Die additive Fertigung empfinde ich als revolutionäre Möglichkeit, Ideen in die Realität zu überführen. Für einen Ingenieur ist es wie ein Traum: Von der optimalen Struktur her zu denken und bei deren Bau keine Kompromisse bei der Formgebung eingehen zu müssen… Wir werden noch etwas brauchen, bis wir die unglaublichen Möglichkeiten des 3D-Drucks in allen Facetten optimal in die Industrie bringen können. Ich bin stolz, dazu ein wenig beizutragen.“

Florian Fröhlich | GreenTeam Uni Stuttgart e. V.

Design einer strömungsoptimierten, ölbeständigen und feuerfesten Verteilereinheit für das Kühlsystem eines elektrischen Rennwagens

Rennfahrer müssen einen kühlen Kopf behalten – ihre Boliden dürfen ebenfalls nicht überhitzen. Das trifft gleichermaßen auf Rennfahrzeuge mit Verbrennungs- wie mit Elektromotor zu. Der Unterschied: Während beim kraftstoffbefeuerten Racer der Motor temperiert werden muss, ist es beim E-Renner in erster Linie der Akkumulator. Das Formula Student Team aus Stuttgart hat diese Aufgabe im wahrsten Sinn ausgezeichnet gelöst, und zwar mit einer additiv gefertigten Öl- Kühlung und Unterstützung von EOS.

Wegen der geplanten Baugeometrie und den enthaltenen Hohlstrukturen
sowie natürlich einer sehr geringen Stückzahl drängte sich die additive Fertigung geradezu auf. 

Als Material für den 3D-Druck setzte das Team auf das flammhemmende
PA 2210 FR. Das aggressive Kühlmittel kann ihm nichts anhaben, so dass keine Teilchen herausgelöst werden und das System verstopfen können.

Mit dem optimierten Kühlsystem kann das GreenTeam nun die möglichen 80 kW Maximalleistung das ganze Rennen über zu jeder Zeit abrufen. Darüber hinaus kann die Lösung zu Rennbeginn das Batteriepaket auch auf bis zu 45 Grad Celsius vorwärmen, so dass diese Power ab der ersten Runde zur Verfügung steht.

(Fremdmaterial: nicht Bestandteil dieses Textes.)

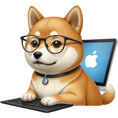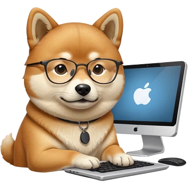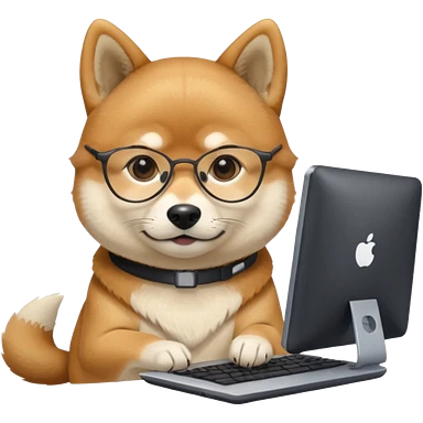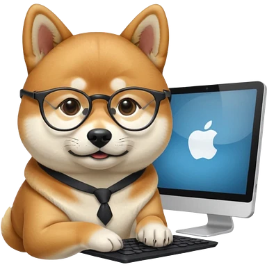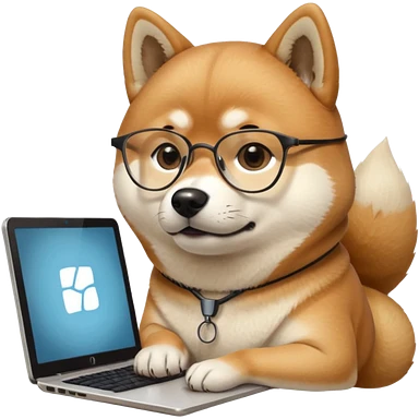 creative shiba inu with eye glasses and computer emoji
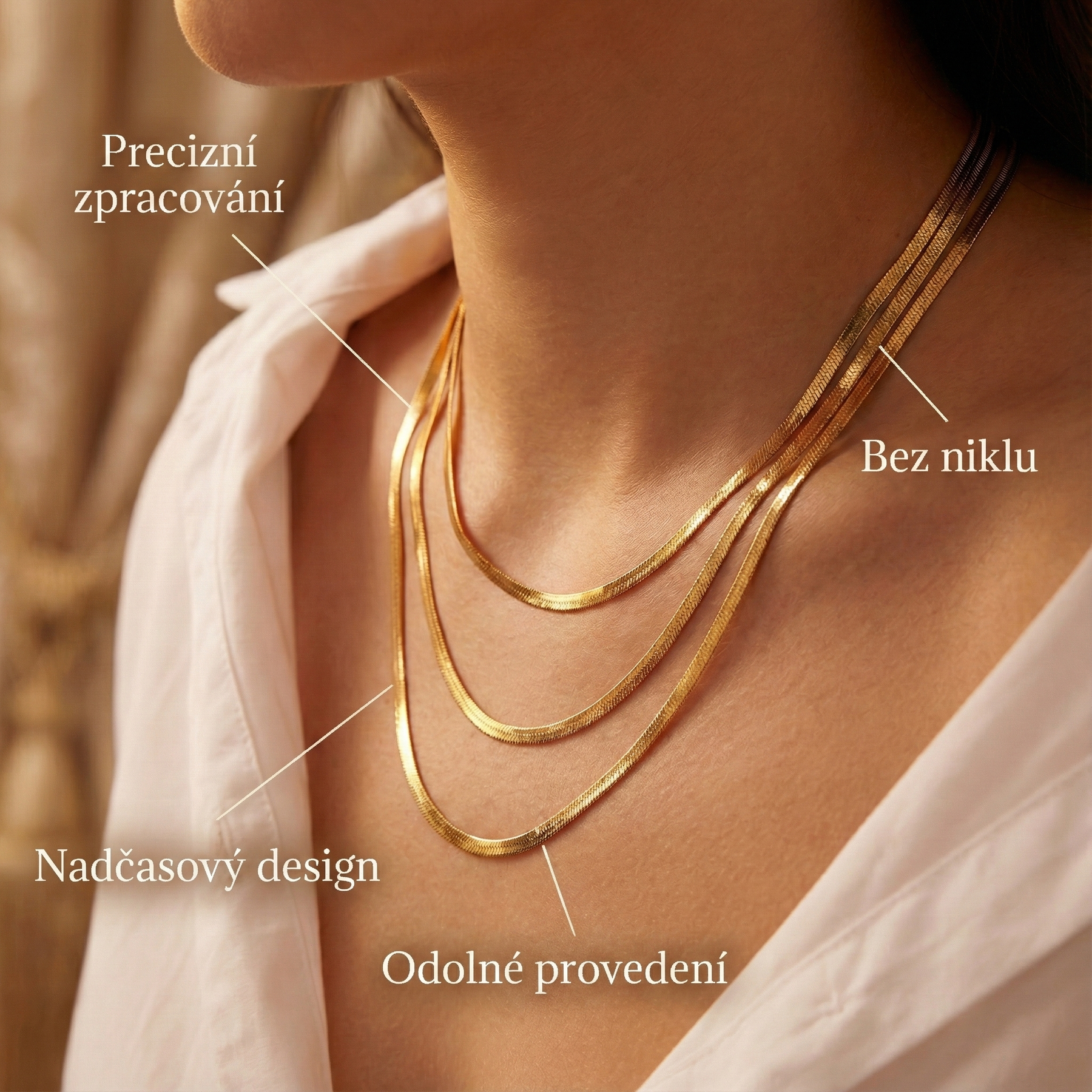 Naš nakit je otporan na znoj, vodu i toplinu, 10 puta jači od pozlaćenog. Hiperalergenski je, otporan na ogrebotine i neće potamniti – napravljen za svakodnevno nošenje, bez potrebe za dodatnom njegom.

Auf diese Weise entsteht für die Rennmannschaft ein signifikanter Performance-Vorteil.

Die Fertigung lief absolut reibungslos und das Material hielt, was es versprach. Wir konnten unsere Lösung wie geplant in ein belastbares und funktionierendes echtes Bauteil überführen, und das innerhalb kürzester Zeit. 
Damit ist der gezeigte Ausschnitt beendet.